Monday, August 01, 2005

Death of MLB Showdown - Part 1

I want to talk about the death of MLB Showdown.

MLB Showdown is a trading card game, designed by Wizards of the Coast. It’s a baseball card game, similar in concept to the old Strat-o-Matic baseball game, but with actual baseball cards and a collectable scheme of booster packs and starter packs.

The game is the only game where I played some role in its design and layout. It also recently died, that is to say its latest release, the 2005 Trading Deadline release, is the last release of the game you will ever see.

I am saddened by the death of this product. I also think it’s death taught me a lot about the gaming industry and both the good and the bad of a company called Wizards of the Coast.

I know a lot about how and why MLB Showdown failed and thought it might be interesting to write down what I know. I am going to break this post up into several parts, as I have a lot to say.

First of all a disclaimer:

There are some who will say that some of my criticism of Wizards in these posts is jealousy, specifically because I no longer work at Wizards of the Coast, and therefore my criticism is rooted in that. Well, that’s a difficult accusation to defend, I’ll just say that my job now pays better, has more prestige and makes me happier than any gig I had at Wizards. Not to say I didn’t enjoy working at Wizards, I did, I enjoyed working there a great deal, but I’m happy where I am now too.

So yes, I’m going to criticize Wizards in my posts, but I am also going to praise them. I am the first to admit Wizards has great people in it, great ideas in it and still has my overall respect and admiration.


The game was released in the late spring of 2000 and was originally designed by Tom Wiley. I don’t have much to say about Tom Wiley, I did not know him well. I watched him demo the game a few times to kids one day and he seemed genuinely proud of his game.

Wiley developed the pitch/swing die roll mechanic that is largely the trademark of the game and he came up with the idea of the strategy deck. It was RE Dalrymple, a play tester for the original release of the game, who came up with the Showdown brand name.

The interesting story behind the Showdown name is it was originally disliked by many people at Wizards. Now however the name ‘Showdown’ will be extended to new games that will actually replace MLB Showdown. These will be non-sport games.

MLB Showdown was released with much fanfare and ballyhoo. It was released during WOTC’s “hey day”, the company was still knee-deep in riches from its Pokemon trading card game.
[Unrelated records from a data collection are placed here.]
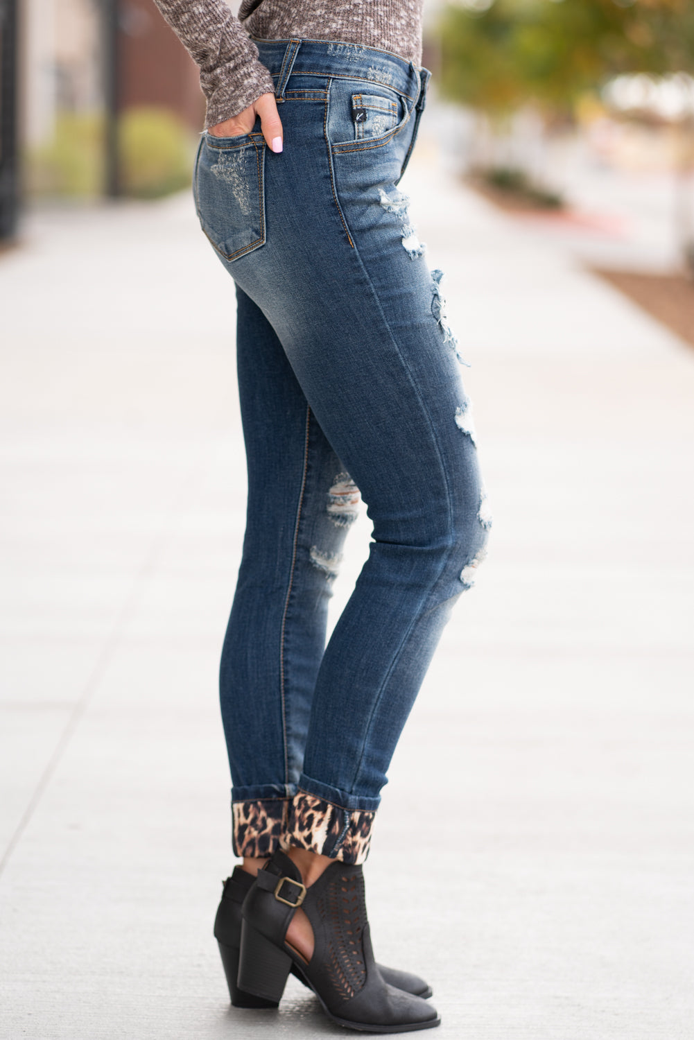 KanCan Mason Mid Rise Leopard Patch Skinny Jeans Dark Blue Wash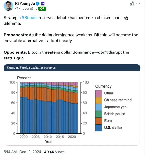 در حالی که برخی، ذخیره بیت کوین را راهحلی برای یک سیستم پولی فیات در حال فروپاشی میدانند، برخی دیگر نسبت به خطرات قابل توجه آن هشدار میدهند. برخی معتقدند این اقدام میتواند دلار را به سمت ابرتورم سوق دهد. دیگران بر این باورند که اگر ایالات متحده اکنون این اقدام را انجام ندهد، ممکن است عقب بماند. کی یانگ جو، بنیانگذار و مدیرعامل شرکت تحلیل آنچین CryptoQuant، این بحث را به یک معمای مرغ و تخممرغ تشبیه کرد: آیا باید بیت کوین را زودتر پذیرفت زیرا دلار در حال تضعیف است یا پذیرش بیت کوین خود میتواند عامل تضعیف دلار باشد؟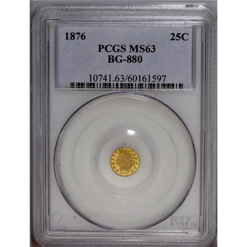 <B>1876 25C Indian Round 25 Cents, BG-880, Low R.6, MS63 PCGS.</B></I> Well struck devices accompany flashy fields. Minor striking indifference on the fraction, and a couple of light handling marks accompany the central reverse. A very scarce variety; the similar BG-879 is more often encountered.

Because Wizards was ‘fat’ from the Pokemon earnings, the company’s optimism and its expectations were vastly inflated. I saw earning projections for such horrible IPs as the X-Men TCG that Wizards’ produced that were outrageous and thus fell far short of expectations. WOTC just kept thinking they could crank out smash hits back then, when in reality Wizards really hasn’t had a “hit” in years and survives these days solely off of the revenue from Magic the Gathering and the few pieces of change that D&D delivers on an annual basis.

MLB Showdown suffered from inflated expectations as well, and indeed, in retrospect, it’s a miracle the game survived as long as it did. WOTC expected huge sales numbers for MLB Showdown and while initial base set sales were arguably quite healthy, the bloated expectations surrounding Wizards at that time, made MLB Showdown a disappointment in the eyes that matter most in the company.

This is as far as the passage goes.